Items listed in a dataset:
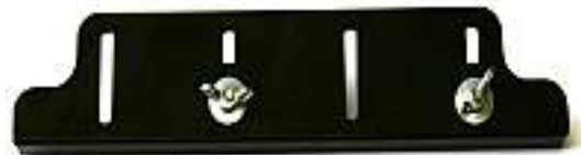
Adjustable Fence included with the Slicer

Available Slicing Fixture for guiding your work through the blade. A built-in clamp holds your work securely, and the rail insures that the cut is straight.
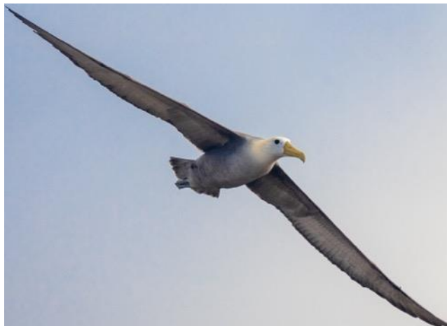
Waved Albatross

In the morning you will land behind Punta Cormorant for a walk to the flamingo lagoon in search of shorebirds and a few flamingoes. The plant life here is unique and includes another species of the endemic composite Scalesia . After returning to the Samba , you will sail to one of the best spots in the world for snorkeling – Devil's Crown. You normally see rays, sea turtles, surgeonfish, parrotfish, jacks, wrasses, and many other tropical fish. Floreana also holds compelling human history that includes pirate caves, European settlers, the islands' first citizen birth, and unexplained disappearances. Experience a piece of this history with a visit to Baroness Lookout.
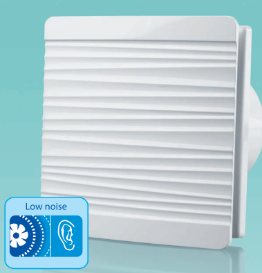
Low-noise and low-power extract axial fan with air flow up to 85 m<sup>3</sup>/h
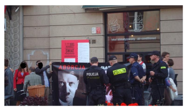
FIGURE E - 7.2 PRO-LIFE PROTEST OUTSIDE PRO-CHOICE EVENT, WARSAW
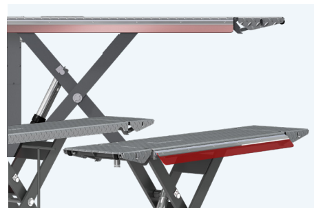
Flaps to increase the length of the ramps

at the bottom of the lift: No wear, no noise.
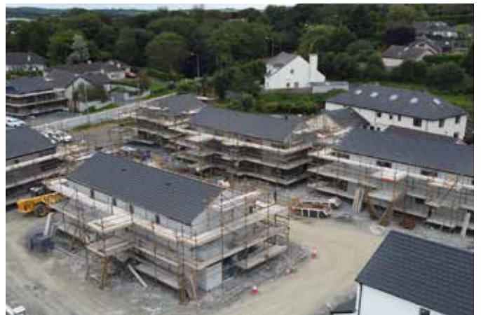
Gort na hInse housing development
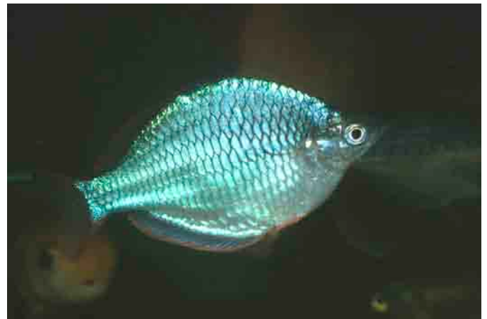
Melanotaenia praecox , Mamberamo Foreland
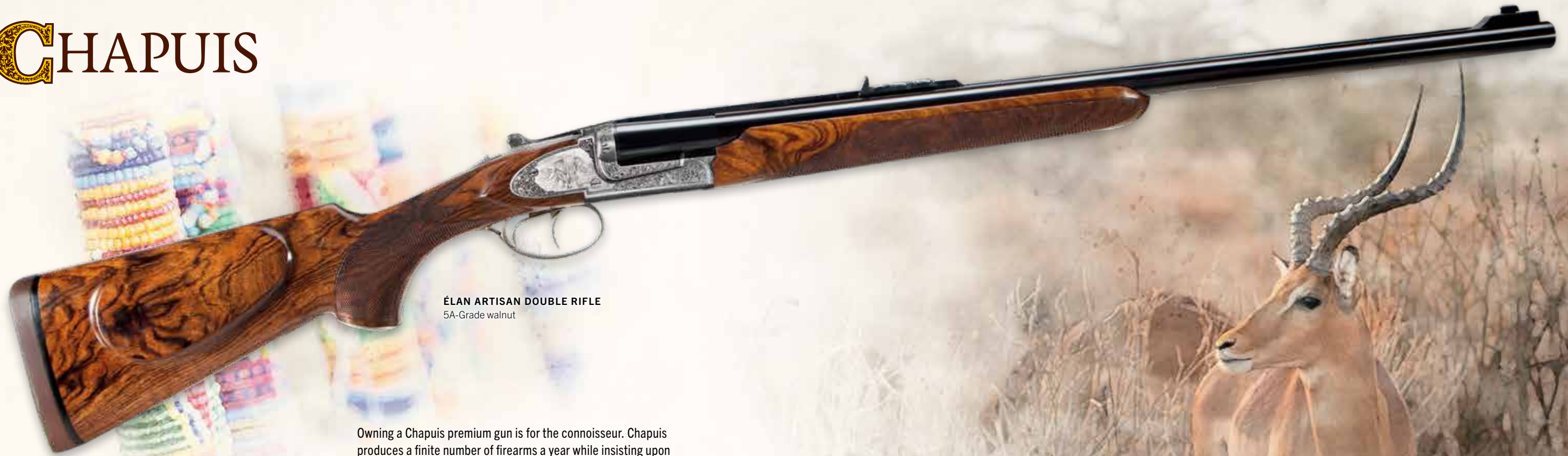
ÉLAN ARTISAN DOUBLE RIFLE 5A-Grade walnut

• **What is expected**
The pictures in the entries above should be left out; all else must be copied exactly.

• **Written response**
Adjustable Fence included with the Slicer

Available Slicing Fixture for guiding your work through the blade. A built-in clamp holds your work securely, and the rail insures that the cut is straight.
Waved Albatross

In the morning you will land behind Punta Cormorant for a walk to the flamingo lagoon in search of shorebirds and a few flamingoes. The plant life here is unique and includes another species of the endemic composite Scalesia . After returning to the Samba , you will sail to one of the best spots in the world for snorkeling – Devil's Crown. You normally see rays, sea turtles, surgeonfish, parrotfish, jacks, wrasses, and many other tropical fish. Floreana also holds compelling human history that includes pirate caves, European settlers, the islands' first citizen birth, and unexplained disappearances. Experience a piece of this history with a visit to Baroness Lookout.
Low-noise and low-power extract axial fan with air flow up to 85 m<sup>3</sup>/h
FIGURE E - 7.2 PRO-LIFE PROTEST OUTSIDE PRO-CHOICE EVENT, WARSAW
Flaps to increase the length of the ramps

at the bottom of the lift: No wear, no noise.
Gort na hInse housing development
Melanotaenia praecox , Mamberamo Foreland
ÉLAN ARTISAN DOUBLE RIFLE 5A-Grade walnut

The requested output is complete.